Proteomic response of Pseudomonas aeruginosa IIPIS-8 during rapid and efficient degradation of naphthalene

• Published in: Environmental research Vol. 216; no. Pt 2; p. 114511
• Main Authors: Imam, Arfin, Suman, Sunil Kumar, Singh, Praveen, Vempatapu, Bhanu Prasad, Tripathi, Deependra, Ray, Anjan, Kanaujia, Pankaj K.
• Format: Journal Article
• Language: English
• Published: Netherlands Elsevier Inc 01.01.2023
• Subjects: Biodegradation; Biodegradation, Environmental; Ecosystem; First-order kinetics; Naphthalene; Naphthalenes - toxicity; Polycyclic Aromatic Hydrocarbons - metabolism; Proteome; Proteomics; Pseudomonas aeruginosa; Biodegradation; Pseudomonas aeruginosa; Naphthalene; First-order kinetics; Proteomics
• ISSN: 0013-9351; 1096-0953
• DOI: 10.1016/j.envres.2022.114511

Polycyclic aromatic hydrocarbons (PAHs) are widely distributed in the ecosystem and are of significant concern due to their toxicity and mutagenicity.

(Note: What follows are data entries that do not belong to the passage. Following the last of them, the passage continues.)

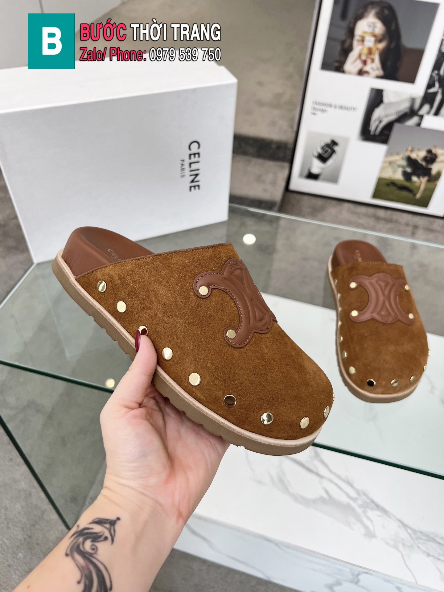 Sục CELINE siêu cấp màu nâu logo nổi bật chế tác từ da bê cao cấp
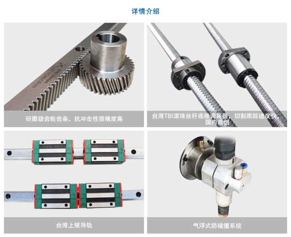 ◆三軸運(yùn)動(dòng)采用進(jìn)口高精度導(dǎo)軌、斜齒齒條,伺服電機(jī)及減速機(jī),使X軸鋁型材自行設(shè)計(jì)開(kāi)發(fā)模具,保證設(shè)備運(yùn)行過(guò)程中的穩(wěn)定性。
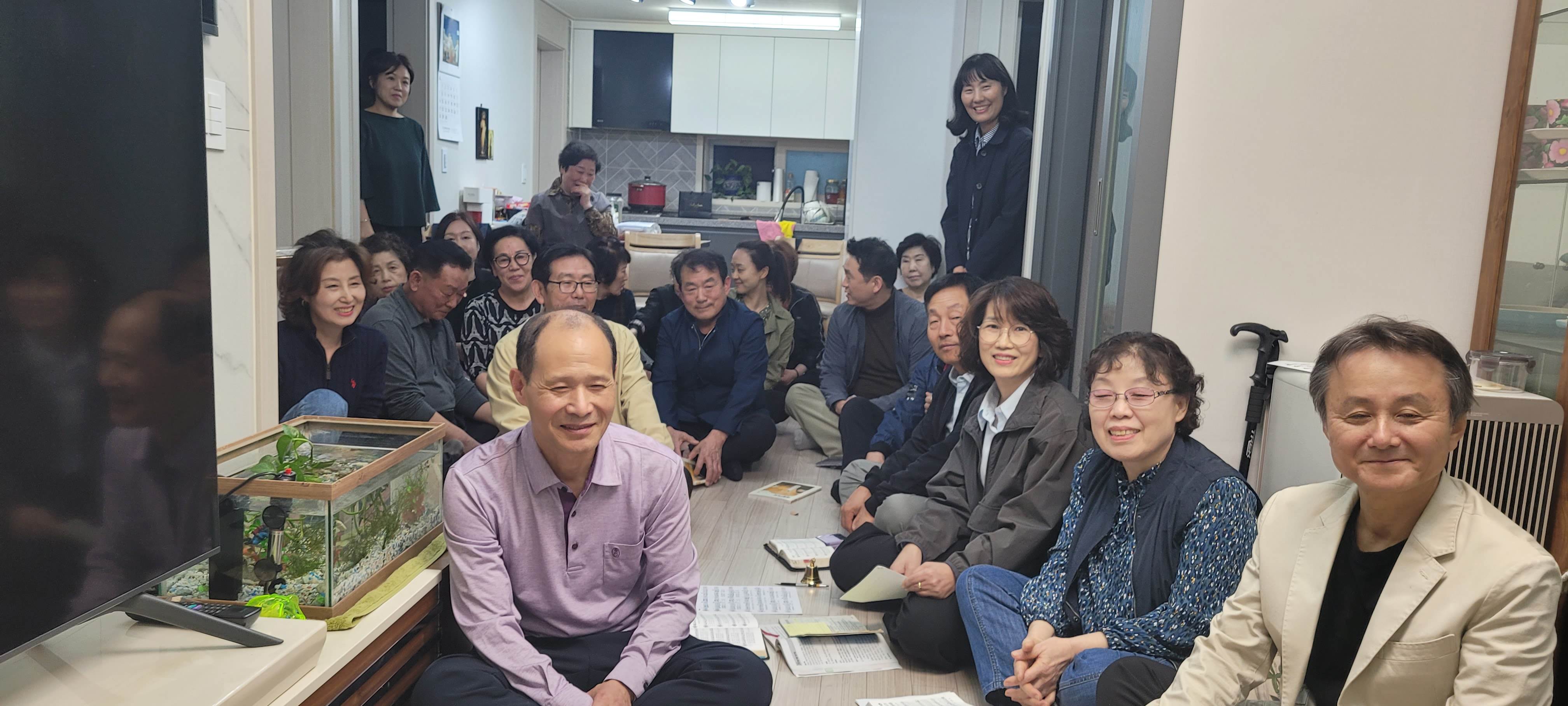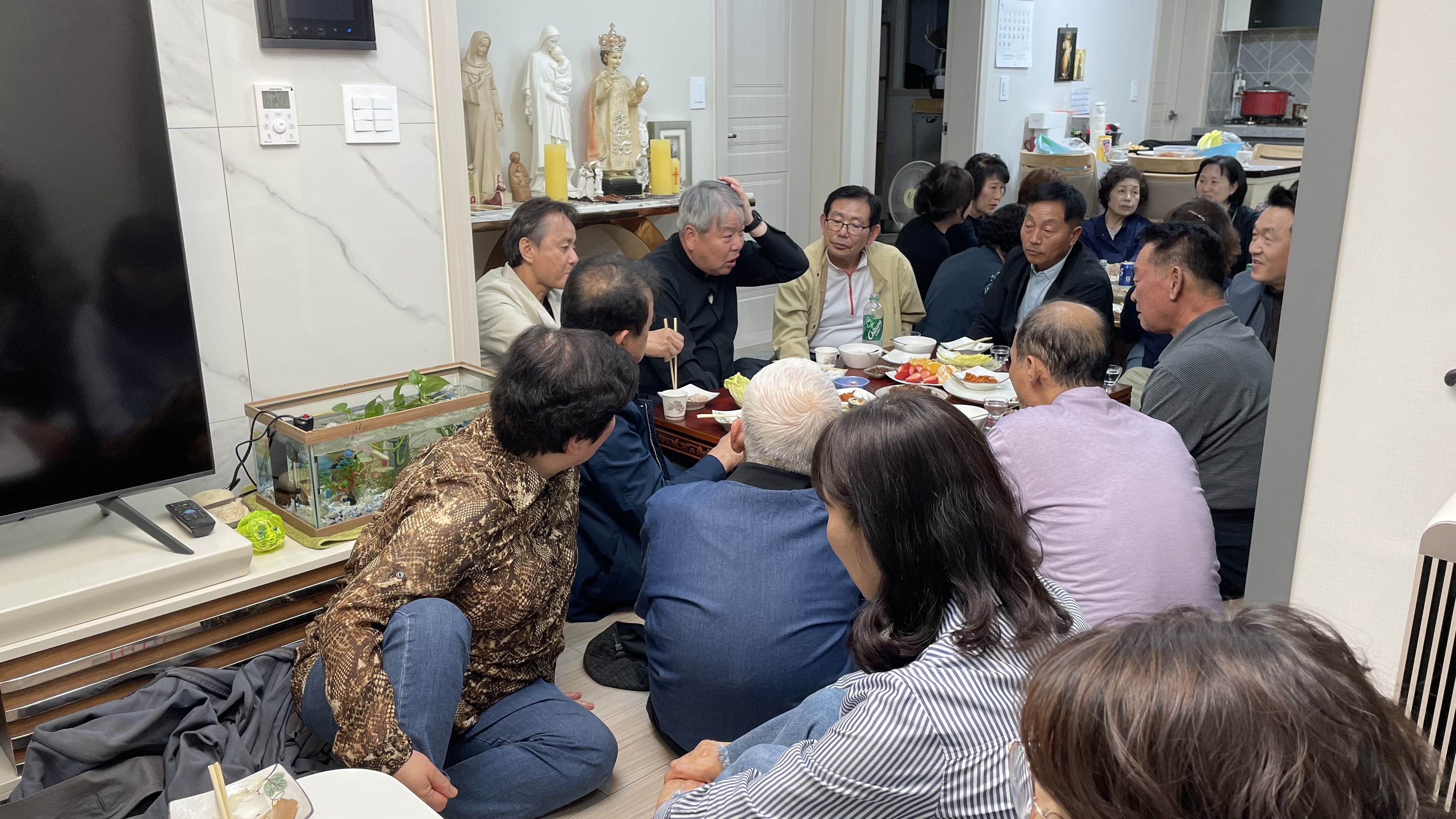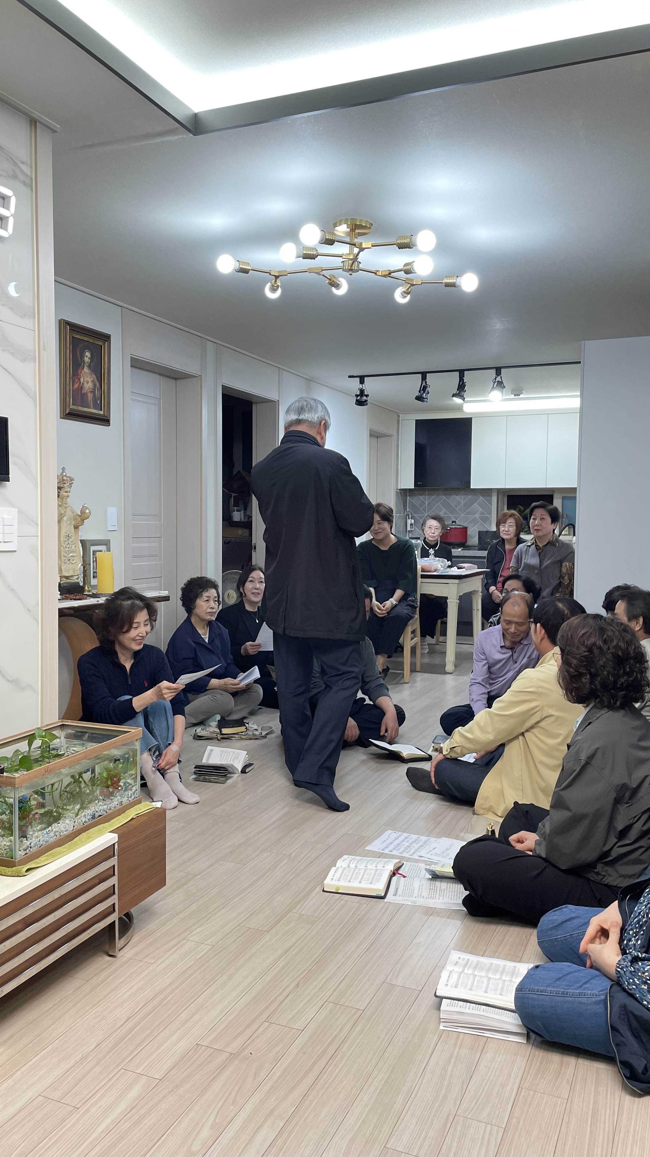 2019년 6구역으로 시작되었던 구역 미사가 코로나로 한 구역만 진행되고 중단되어 너무나도 아쉬웠었는데, 2024년 새로 다시 시작되었습니다. 1구역 레아 구역장님 댁에 다들 모이셨네요. 28분이나 옹기종기(?) 모여서 친밀한 미사와 더불어, 직접 만드신 김밥과 수육, 도토리묵 등 맛있는 음식도 나누셨다고 합니다. 모인 김에 성가대회에서 부를 성가도 연습하셨다고 하네요 ^^. 즐거운 시간 보내셨네요. 다들 우리 구역 미사를 기다리실 법도 합니다. 이번에는 중단없이 잘 진행되기를 바랍니다.
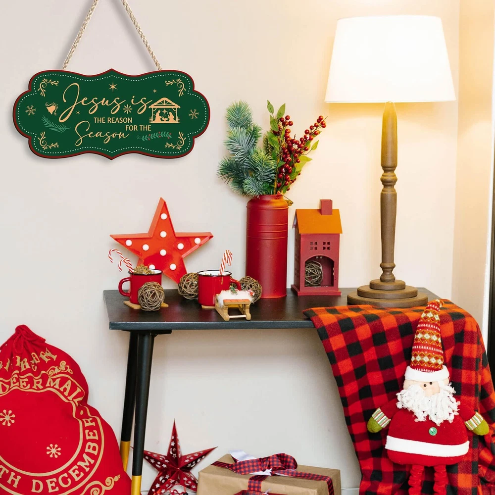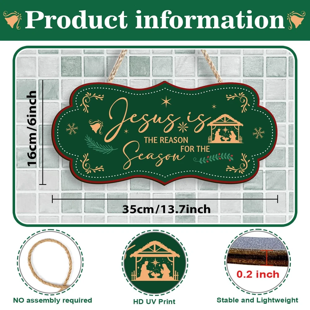 Christmas Signs for Wreaths, Jesus is the Reason for the Season, Christmas Welcome Sign for Front Door, Wooden Porch Decor Holiday Hanging Wall Art Decorations Jesus Christmas Decor Signs: Jesus is the reason for the season sign measures 13.7"x6", perfect size for nativity Christmas Jesus wall door porch wreath decorations, and each sign comes with a hemp rope string for easy hanging Material: Nativity Christmas wall decorations jesus is the reason for the season sign is made of PVC board which is durable, lightweight and water resistant, and can be applied for a long time, suitable for Christmas door wall decorations hanging outdoor indoor signs Jesus is the Reason for the Season Sign: Jesus Christmas decor signs with Christmas and nativity cross scene design, consists of the word "Jesus Is The Reason For The Season", which are full of Christmas and bright colors, create an artistic and lively atmosphere for your home Christmas holiday decoration Nativity Christmas Wall Door Decorations: Nativity Christmas wreath sign perfect home house office classroom Christmas wall decorations, Christmas door hanging sign decorations, nativity Christmas decorations, nativity wreath Christmas jesus decorations. Perfect Jesus is the reason for the season sign for Christmas wall door porch wreath decorations Great Jesus Sign for Christmas Decorations: It's a good choice to share these jesus is the reason for the season sign with your family, friends and children. Perfect nativity cross Scene plaques sign for Christmas door decorations and wall decorations which are full of love in winter, sharing happiness with them. Also, a great housewarming gift for your family or friends on Christmas day
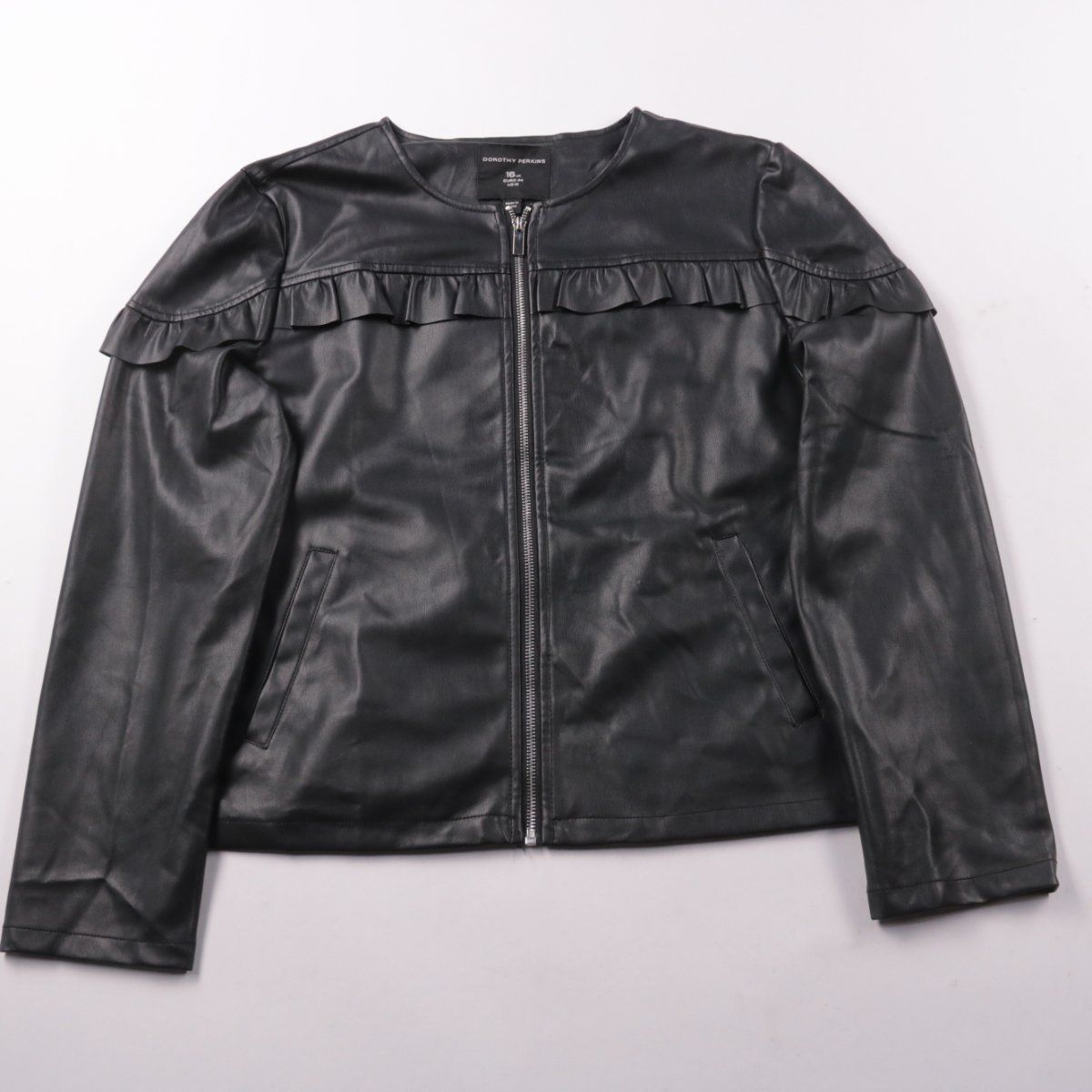 Женская куртка Dorothy Perkins из экокожи, чёрного цвета, на молнии и с декоративной оборкой по линии груди/плеч. Подойдёт для повседневных образов в прохладную погоду весной и осенью. Практичный материал легко протирать и он не требует сложного ухода.
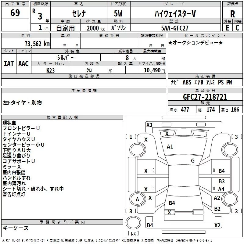 Nissan SERENA с аукциона Японии TAA Yokohama лот № 69
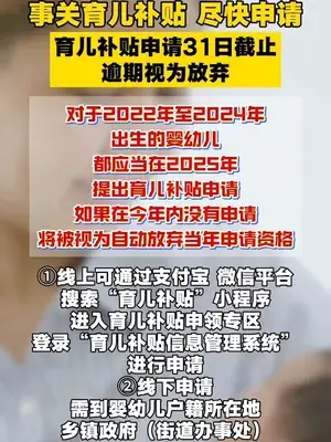線上可通過支付寶、微信平臺搜索“育兒補貼”小程序,進入育兒補貼申領專區,登錄“育兒補貼信息管理系統”進行申請。

Bioremediation of PAHs is a popular and benign approach that ameliorates the environment. This study investigated the biodegradation and proteome response of Pseudomonas aeruginosa IIPIS-8 for two-ringed PAH: naphthalene (NAP) to understand proteome alteration during its bioremediation. Rapid biodegradation was observed up to 98 ± 1.26% and 84 ± 1.03%, respectively, for initial concentrations of 100 mg L−1 and 500 mg L−1 of NAP. Degradation followed first-order kinetics with rate constants of 0.12 h−1 and 0.06 h−1 and half-life (t1/2) of 5.7 h and 11.3 h, respectively. Additionally, the occurrence of key ring cleavage and linear chain intermediates, 2,3,4,5,6, -pentamethyl acetophenone, 1-octanol 2-butyl, and hexadecanoic acid supported complete NAP degradation. Proteomics study of IIPIS-8 throws light on the impact of protein expression, in which 415 proteins were quantified in sequential windowed acquisition of all theoretical fragment ion mass spectra (SWATH-MS) analysis, of which 97 were found to be significantly up-regulated and 75 were significantly down-regulated by ≥ 2-fold change (p values ≤ 0.05), during the NAP degradation. The study also listed the up-regulation of several enzymes, including oxido-reductases, hydrolases, and catalases, potentially involved in NAP degradation. Overall, differential protein expression, through proteomics study, demonstrated IIPIS-8's capability to efficiently assimilate NAP in their metabolic pathways even in a high concentration of NAP.